La corsica antica - Versione latino Livio

La corsica antica versione latino Livio

Corsica neque amplitudine neque opibus cum Sardinia comparanda est: tertium tamen inter insulas magnitudinis locum obtinere creditur.

La Corsica non dev'essere paragonata per estensione e risorse alla Sicilia: tuttavia, vien ritenuta detenere il terzo posto, in quanto a grandezza, tra le isole.

Gli abitanti tramandano che prese il nome da una tale Corsa: raccontano che un toro del suo allevamento si fosse allontanato dalla Liguria per giungere alla volta di questa isola. Si presenta montuosa, impervia, interamente impraticabile per buona parte del luogo: ragion per cui, gli uominiche riproducono in tutto i tratti del territorio, privi di ogni culto umano quasi ancor più selvaggi delle stesse fiere.
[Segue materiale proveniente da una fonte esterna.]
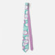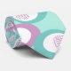 This necktie has a pattern of scattered ovals in retro turquoise and purple with white ovals and coloured circles inside.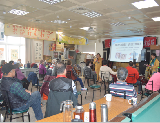 這項健康講座,請來了資深護理師梅銘欣及對健康很有研究的宗荷到場主講如何保健身體,兩名受邀主講者均表示,老化是各種慢性病的最大因素,現代科技的進步,可以讓原本老化衰退的機能重燃生機,老化可逆轉不是神話,呼籲大家讓自己再年輕一次,兩名主講者為了提高會員的聽講興趣,還於活動中進行有獎徵答,如此一來果然提高了老人的聽講精神,達到健康講座的目的。

Ridotti in schiavitù, a malapena si adattano alla consuetudine, ma muoiono, perché incapaci di tollerare con pazienza del lavoro, o risultano non graditi ai padroni, a causa della testardaggine e stupidità.

L'isola abbonda di miele, ma dal sapore asprigno, tipico del fiore di bosso, che la Corsica offre in abbondante, fertile quantità. Ciononostante, lo stesso viene ritenuto molto benefico alla salute; e c'è chi ritiene che gli uomini in Corsica vivano a lungo perché si nutrono spesso con codesto miele. Le città, non sono molto estese e popolose; se ne annoverano tuttavia più di 30, due delle quali sono sicuramente le più importanti: Aleria e Nicea.